Eventually, Angie and I checked in at about 9:12 pm. She was in the mood and got me into it. I reluctantly said the ‘opening’ prayer, protected. The second ‘session’ required some deliverance because it looks like my age was taking a toll on me. I started telling stories she would not listen to.

One of such stories nearly got me slapped by her – I was repeatedly asking just to fill in the space so I can be ‘restored’ bcos ‘time heals’. Worst of all, before I could bring out the rubber to eyi, Angie held and forced my own distin into her and did it ‘just like that’ with ‘no helmet’ and in no time, ‘I became fine’! I didn’t think twice because it was sweeter. Then I started thinking. ‘What if…’! Immediately I realized how much chance I stood at getting infected with HIV or what if she got pregnant!

Ei guys be warned o; nowadays some of the single ones are no longer interested in ‘clearing’ o. Because of extensive education; they would born for you and no DNA test would exonerate you! This time if you make a mistake, you can promise them heaven, they would still keep it and that is when you see a lot of men confused driving ‘by hat’ in town in anger caused by themselves.

It can be a real mental torture if a side Chic is determined to born for you. Not me oo, I said some men la. Hahaaa! They go born give you make you daze. That is if you are lucky. If you are not and the test proves positive for something else, hmmm, don’t worry. You can manage! After all, everybody has HIV – except that some are positive and some are negative!

If the thoughts of an HIV test comes to mind and you miss a heartbeat p3, that is an indication that the slightest mistake can get you there! AIDS is real. Don’t wait till when you get that big job that requires you to do the test; it might be fully blown by then.

I will not advise you to abstain bcos you won’t but use condom when doing it! Like I would advise, if you can’t get condom, improvise with poIythene bag in order to save generations. If one transfers the dreaded disease to his or her spouse, the future of the children is doomed!

The ‘thing’ is there o. I often think that it is not bcos condoms are inaccessible and unaffordable which is giving rise to the infections o; but it is bcos sometimes one has the condoms alright but looks at the ‘meat’ and says as for this one di33333 it is better eaten ‘uncooked’ than cooked. You cannot tell whether the ‘thing’ is in it o. Remember sin fascinates and assassinates! AIDS is real.

Only God we pray to support us in praying and guiding the new generation. Me kraaa where do I go to Church? I don’t even know. Don’t forget I was once a Pentecost member wai, courtesy a certain lady bi. I stopped going to that church when she refused to give in to my immoral advances. Later I started attending another church where some of the ladies were a bit ‘considerate’.

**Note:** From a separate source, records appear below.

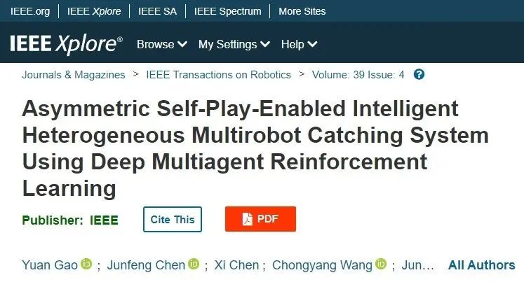 2023年8月,IEEE T-RO在線發表題為“Asymmetric Self-Play-Enabled Intelligent Heterogeneous Multirobot Catching System Using Deep Multiagent Reinforcement Learning”的論文。該論文提出了一種創新的多智能體強化學習框架,并實現其在機器人圍捕任務中的應用。深圳市人工智能與機器人研究院高源博士為論文第一作者,林天麟教授為論文獨立通訊作者。
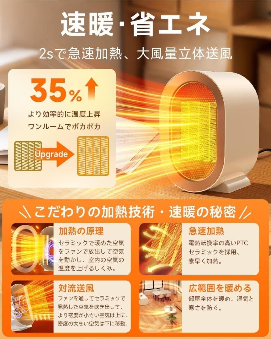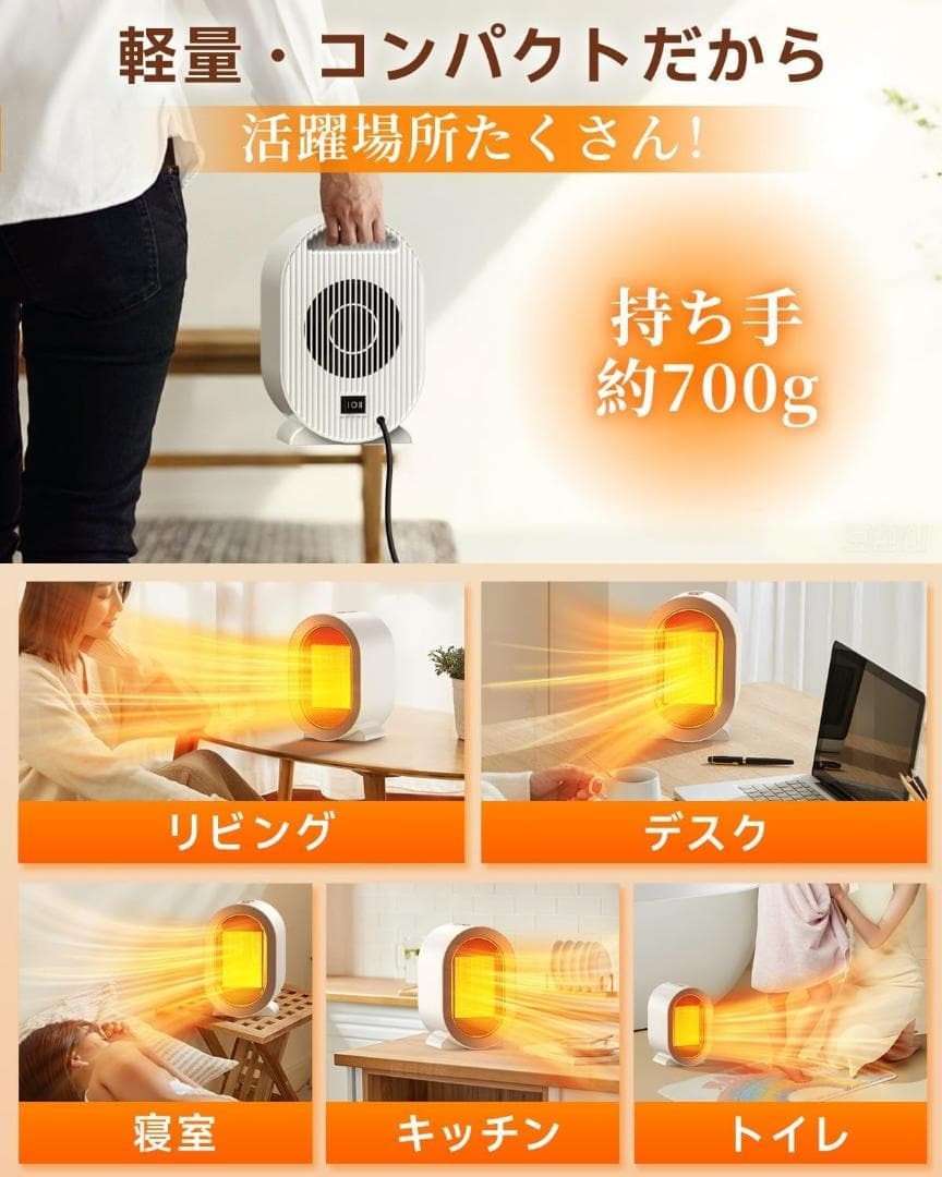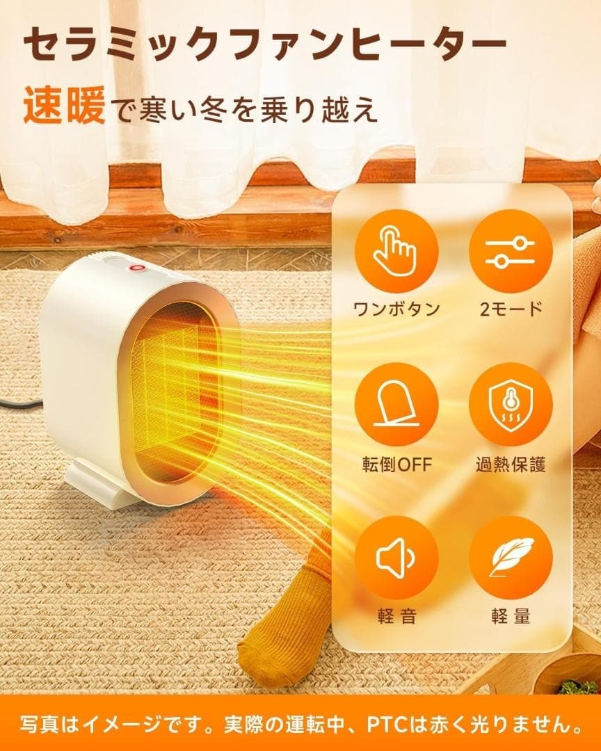 電熱線を電気で加熱し、遠赤外線の温風をファンで送り出す暖房器具。耐熱性の高いセラミックで覆われている安全性の高い設計で、軽量かつ小型で持ち運びしやすいのが特徴。灯油などの燃料を必要とせず、換気も必要ないというメリットがあります。そのため、脱衣所やトイレ・デスク下やキッチンなどメイン暖房の風が届きにくい、狭い場所でスポット暖房として使うのがおすすめ!
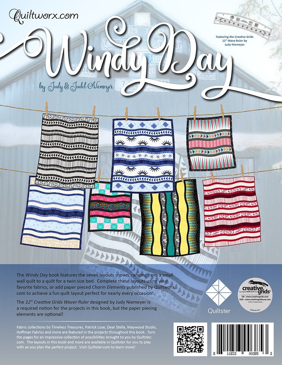 Quiltworx is publishing a small collection of book patterns featuring the Creative Grids 12in Wave Ruler designed by Judy Niemeyer. Options are available in the book for making a variety of layouts, some that require the purchase of Quiltworx Charm Elements (Coming Soon!) to add paper piecing, and others that can be pieced with simple 4 patch and 9 patch traditional piecing techniques. Use this fun ruler to create great designs featuring fun fabrics from across the industry!
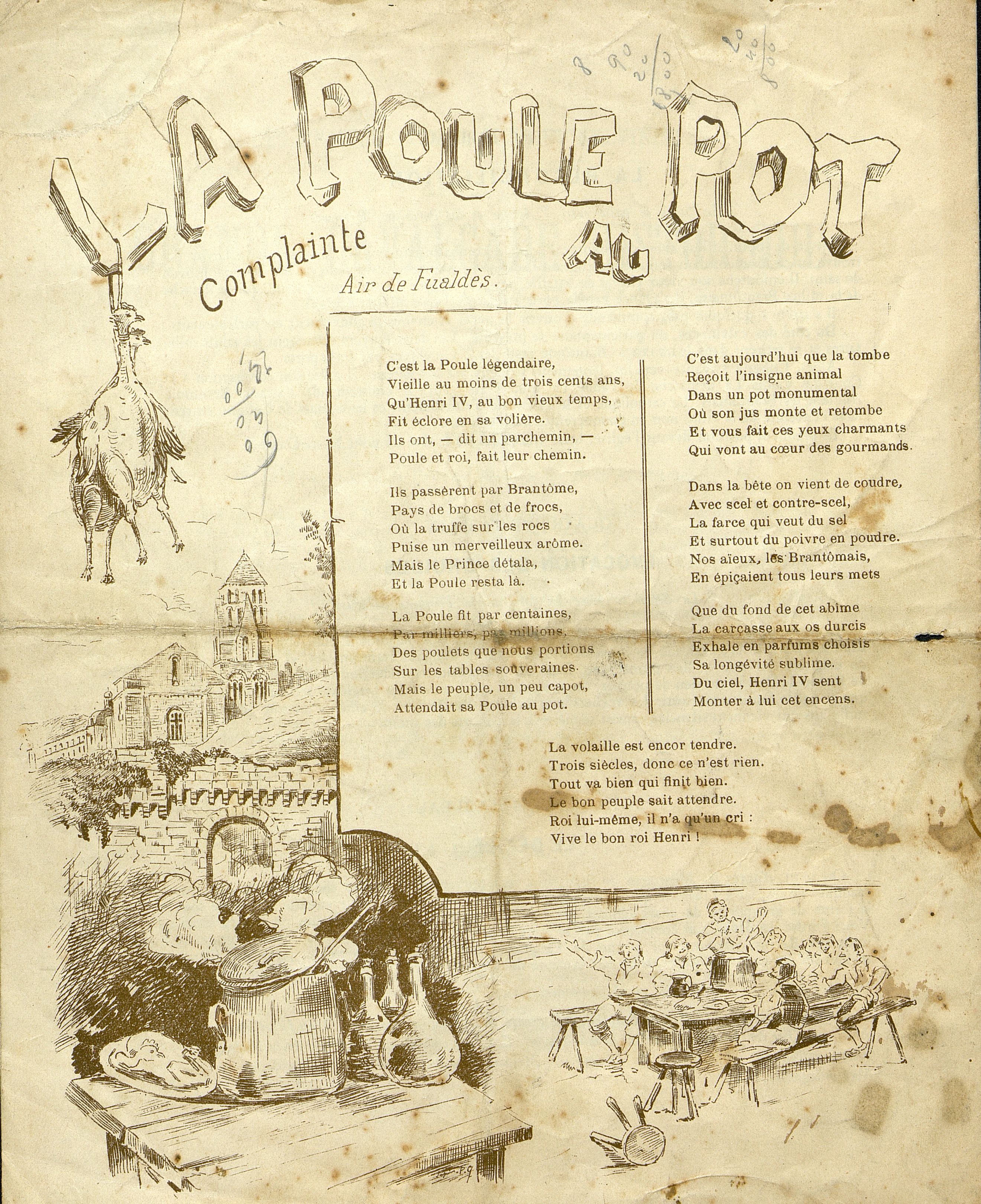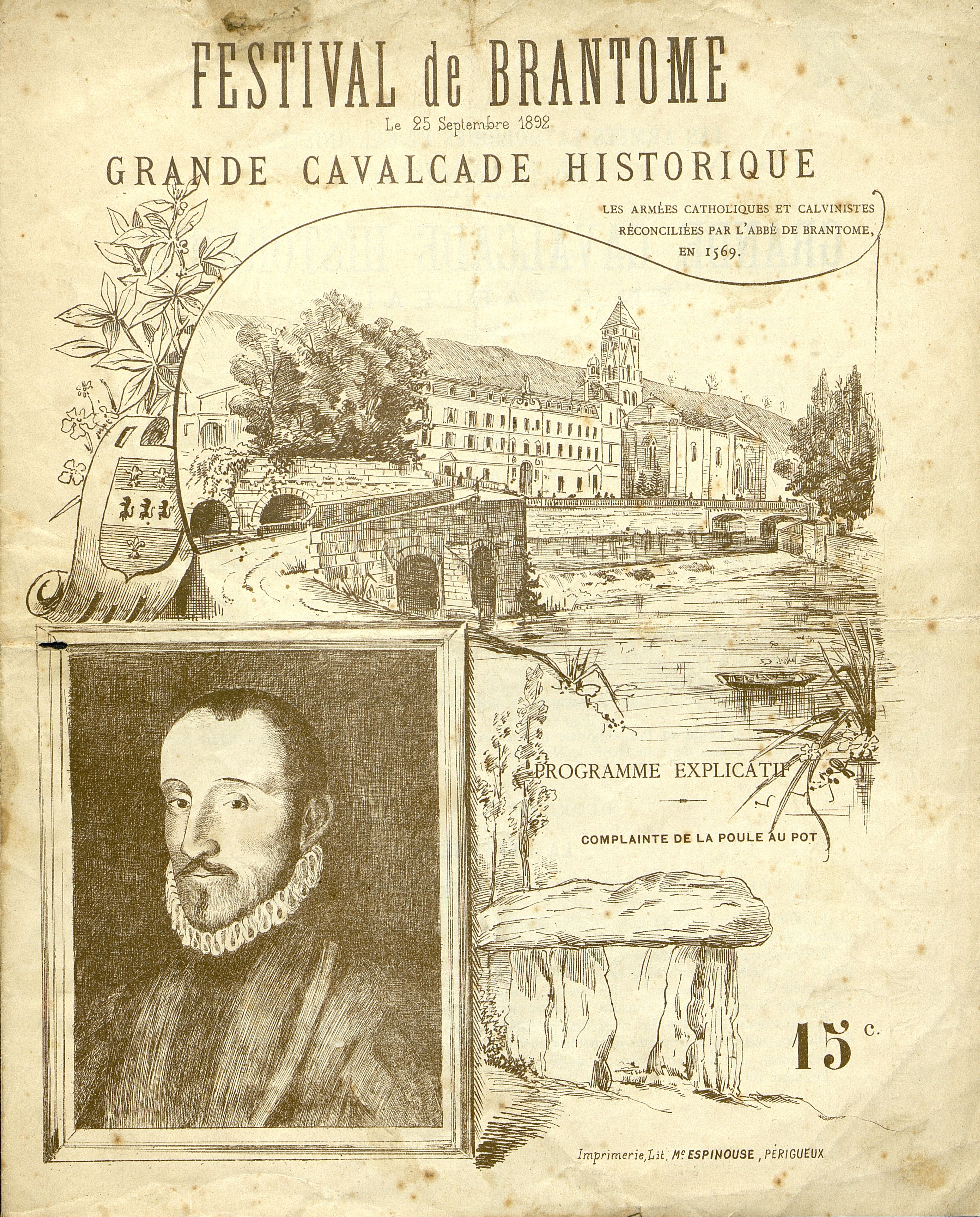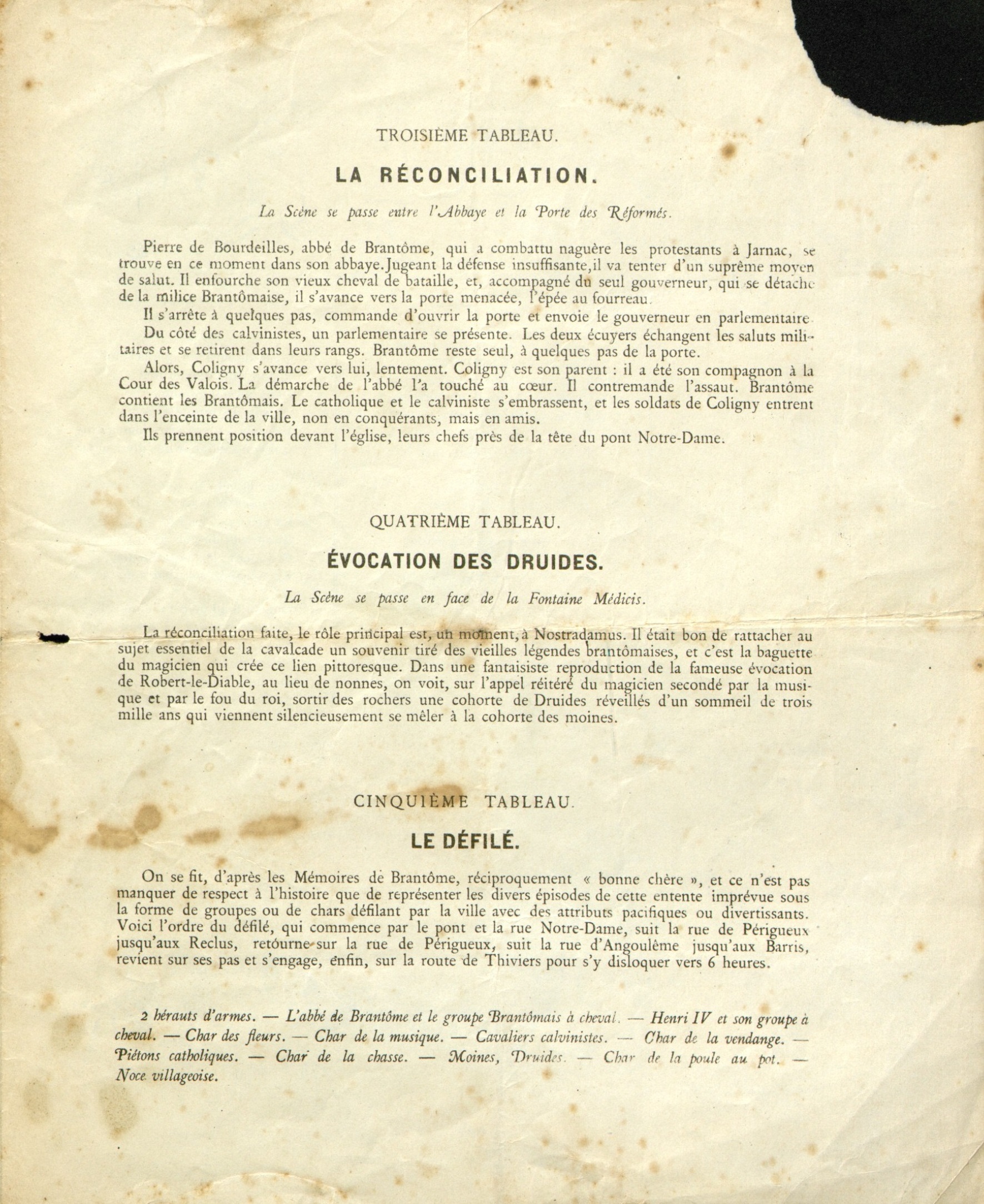 Programme : Premier tableau : L' attaque : La scène entre le Pont des Barris et la Porte des Réformés. Deuxième tableau : La défense. Les armées catholiques et calvinistes réconciliées par l'abbé de Brantôme en 1569. Troisième tableau : la réconciliation . Quatrième tableau : Évocation des druides. Cinquième tableau : Le Défilé. Chanson La Poule au Pot : complainte sur un Air de Fualdès.

Even that one, I stopped after the eyi and now I don’t even know where I belong! It’s been about 21 years now and any time I see that Pencost lady who is married now, I have so much respect for her. She refused me when she was single and a young lady because of her strong training and discipline at home, maybe. Her morality level is about 1000%.

Some of those who gave in di3333, abeg, let me walk past because they had been ‘generous’ to me. We guys are bad o. If a lady is ‘generous’ so easily…hmmm! Be guided, some of my young lady friends!

While wishing you the best of the weekend and reminding about the fact that ‘sin fascinates and assassinates’, I want to ask o: where in this abstract have you read anything about a pastor’s side chic? He is holy and can never do an unholy thing like that. Amen?